Mehmet Avşar
Brutus Sezar'ın en yakın arkadaşıydı. Sezar onu çocukken yanına almış büyütmüş. Sezar saldırganlara karşı koymaya çalışmış fakat son hançerin hiç beklemediği bir yerden geldiğini görünce yani Brutus'u görünce, tarihe daha sonra not düşecek olan o ünlü sözü söyler,“ Sende mi Brutus?” (Et tu, Brutus?) söylediği ve karşı koymayı bıraktığı söylenir.
Şöyle bir etrafınıza bakın, kimlere iyilik yapmışsanız size hep kötülük, ihanet, nankörlük ve de kalleşlik olarak geri dönmüştür.
Bunun en bariz örneklerini siyasette de görebiliyoruz. Şöyleki fazla uzaklara gitmeden yaşadığımız şehrin siyasetine bir göz atalım bilirsiniz birinin yada birilerinin bir makama yada mevki sahibi olması o ilin milletvekilinin ilgisiyle alakalı.

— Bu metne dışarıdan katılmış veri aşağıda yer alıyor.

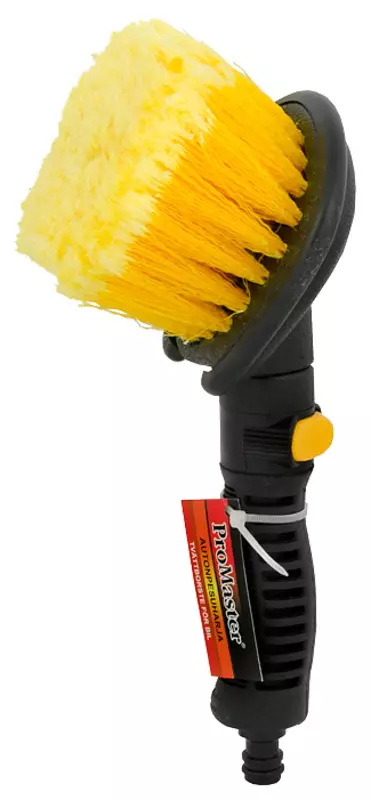 -pitävä kahva -irrotettava harjapää (3/4" sisäkierre) -pehmeä harjas -vesiliitäntä standardipikaliittimelle -veden katkaisupainike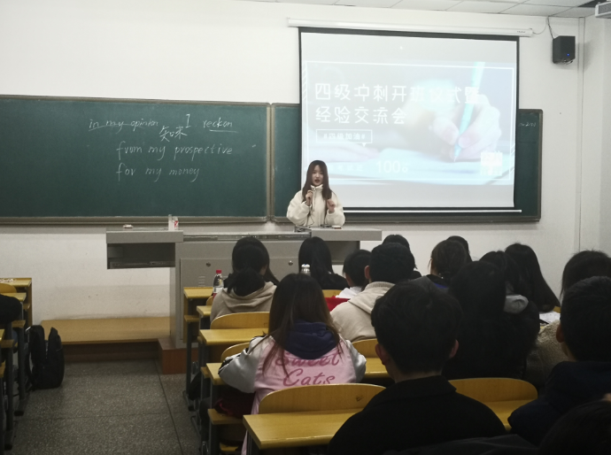 开展养成教育的号召,院学生会学习部开展为期百天的英语四级冲刺班。于3月20日在北湖校区主楼1730教室举行了开班仪式暨学习交流会,开班仪式特邀2018级辅导员哈那提别克·米乃老师主持。
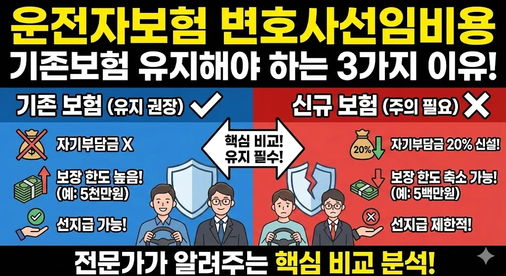 운전자보험 변호사선임비용 기존보험 유지에 대해 알아보겠습니다. 최근 운전자보험 시장에 자부담 도입, 보장 조건 변경 등 다양한 변화가 있으면서 기존 보험을 해지하고 신규 가입을 고민하는 분들이 많습니다. 하지만 섣부른 해지는 오히려 손해가 될 수 있습니다. 이 글에서는 운전자보험 변호사선임비용 기존보험을 유지해야 하는 3가지 핵심 이유를 상세히 정리했습니다.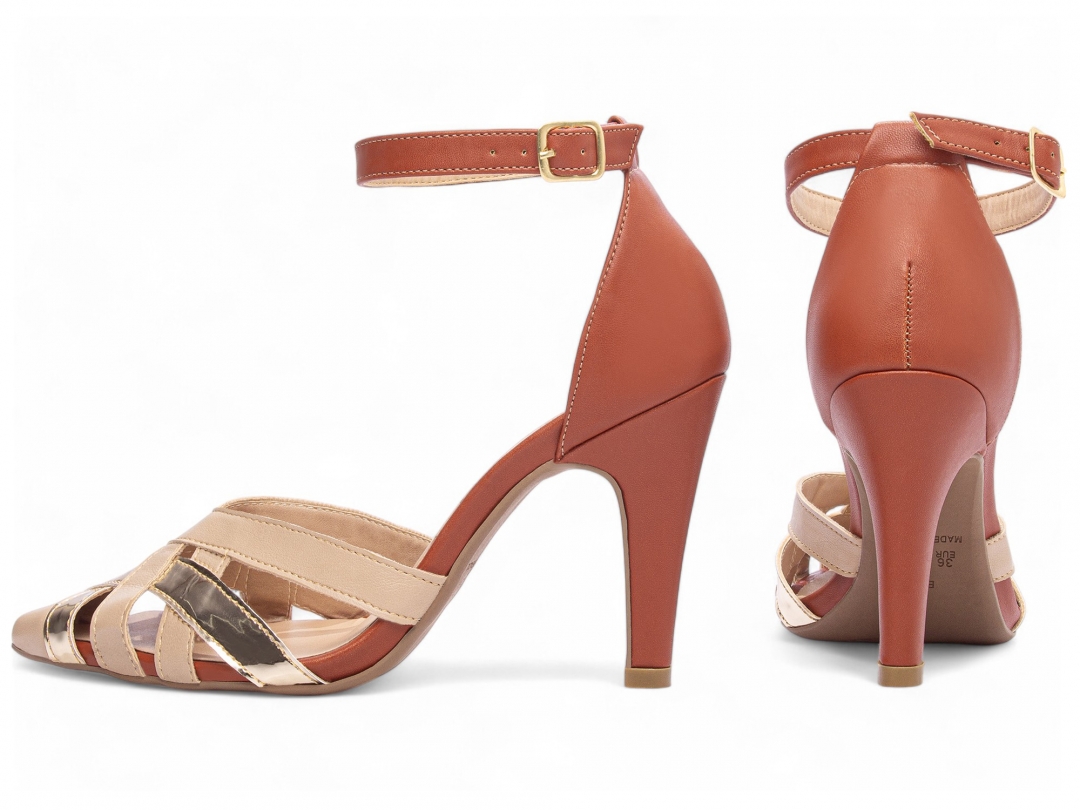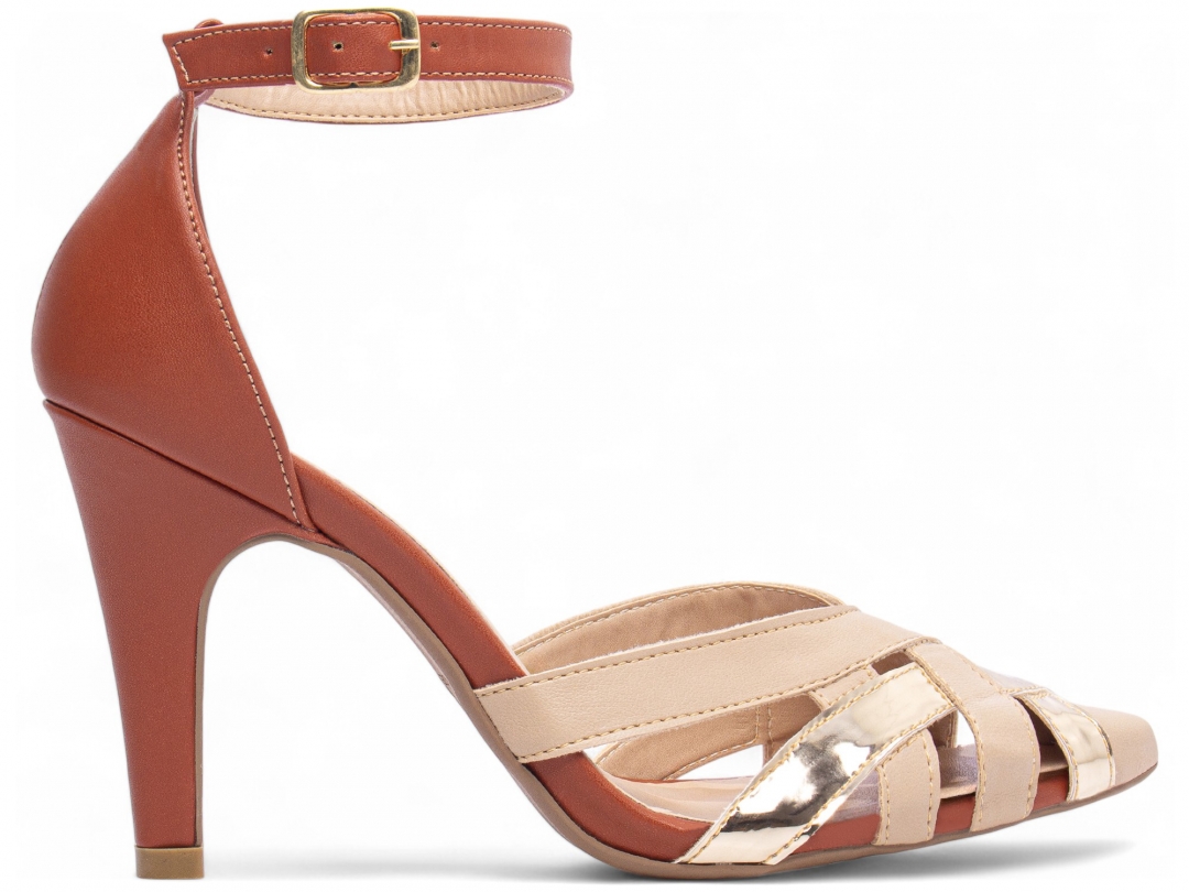 Material: Napa Bege / Napa Caramelo / Metalizado Specchio Ouro Light; Enfeite: Fivela de ajuste na cor Dourado; Forro: Napa na cor Bege; Palmilha: 8 mm de Espessura, Espuma em EVA Revestida em Napa Caramelo e Taloneira Napa Bege; Salto: Fino com 9 cm de Altura Revestido em Napa Caramelo; Solado de PVC com antiderrapante […]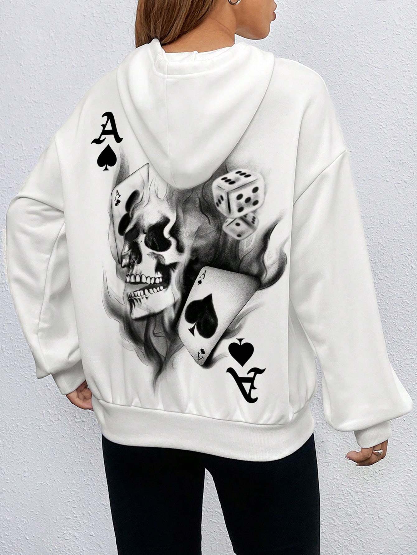 Coolane Women's Casual Skull & Flame Printed Hooded Loose Sweatshirt For Autumn & Winter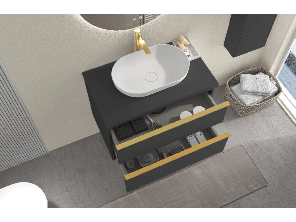 CERANO - Szafka łazienkowa Velora - matowa czerń, złoty uchwyt + blat umywalkowy Navira Pro - 36 mm - 100x56,6x46,5 cm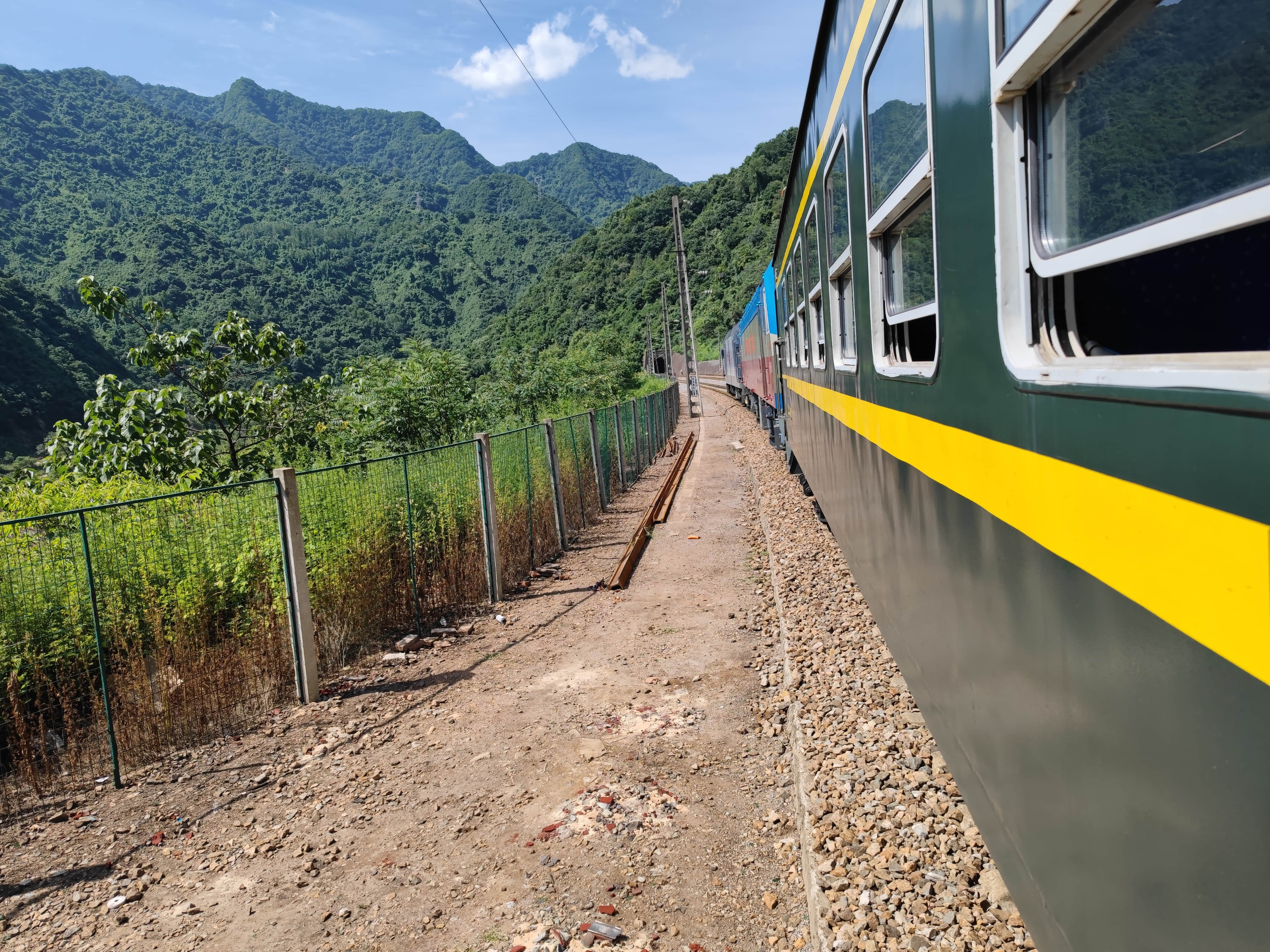 车厢里的人并没有坐满,所以为了能不和其他乘客挤在一起,我们换到了两人座的一边对着坐,刚好还有地方放包。书记不太想被晒着,就坐到了面向行车方向的一边。在背向行车方向的这边,虽然不能看到机车,但因为位处第一节车厢,所以在转弯半径比较大的时候可以看到直到车尾的整列车,以及后面的线路和隧道。
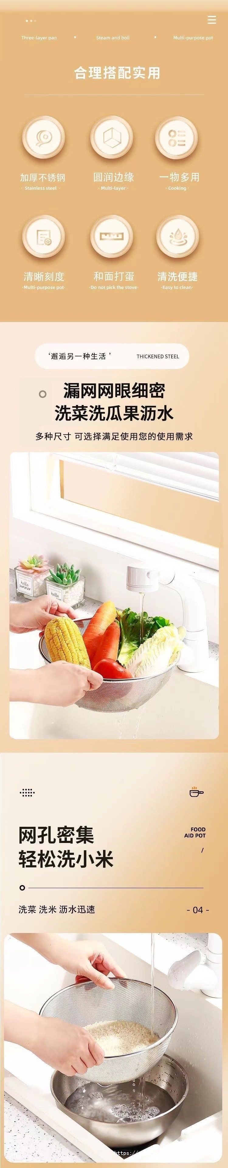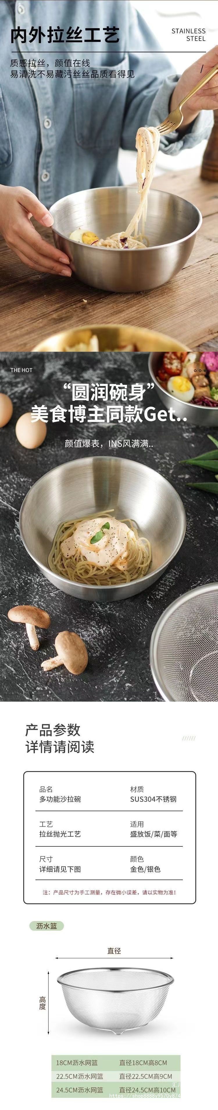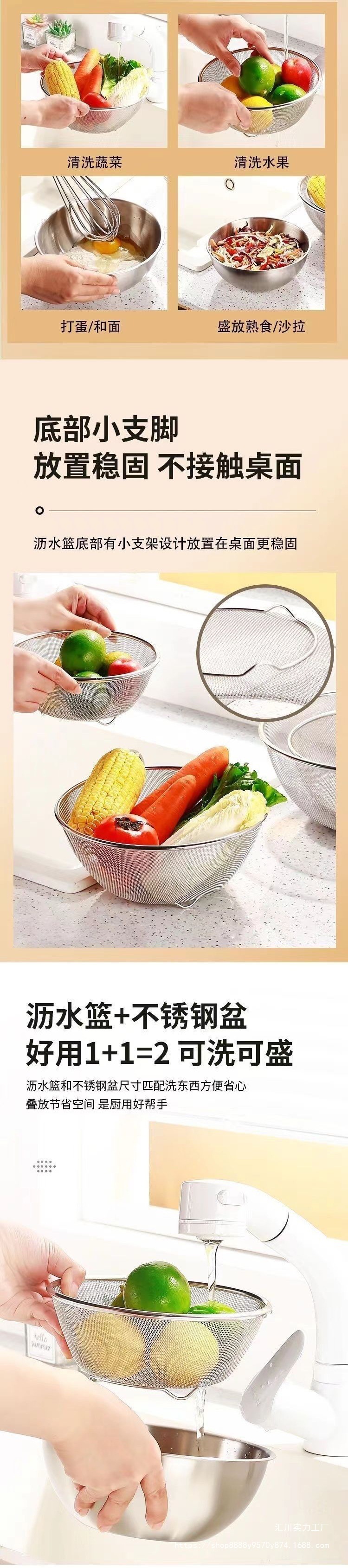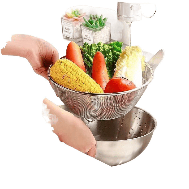 Двухслойный набор из нержавеющей стали 304 для домашней кухни, мелкоячеистое сито для слива овощей и мытья риса.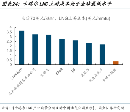 LNG出口为卡塔尔经济命脉,当前卡塔尔正在大幅扩张天然气产量和天然气液化产能。卡塔尔拥有全球最低水平的LNG生产成本,即使面临全球竞争,依然可以在LNG出口贸易里实现显著盈利,扩产势在必行。

Vekil isterse hiç bir vasfı olmayan birini il başkanı yapabilir yada il genel meclis üyesi yapabilir. Evet evet vekil isterse olursunuz. Zira adı seçim olsada ana partiler, birinci sıra adayı olarak bir odun bile koysalar il genele seçilir. Ancak ne hikmetse bu vekilerin kaderidir. Benim adamım olur dedikleri bu şahsiyetler mazbatayı alır almaz ilk tekmeyi kendisini var eden vekile atar.
Biz bunu Ardahan siyasetinde çok gördük. Sadece siyaseten mi? Değil tabii.
İhanet çemberi yakıp gider seni, yalnız bırakır.... Dost bildiklerin beraber yoldaş oldukların, beraber yola gittiklerin hepsi teker teker gemiyi terk eder. Sonra yüzüne bakacak ar olmadığı halde, Birde senden gibi görünüp seni suçlamaları, sana karşı başkalarının yanında cephe almaları seni kahreder..... Senin de yapacağın.... Allah'a havale etmek... kaleşliğe dağlar dayanmaz ...başka bir yol yoktur artık. Sevgili Encumen güvendiğin dağlar devrildi. İhanet her zaman ilginç olmayabiliyormuş demeki.
Böyle şeyler bizim buralarda hep olur, alıştık artık, Peki ders aldık mı sayın vekilim?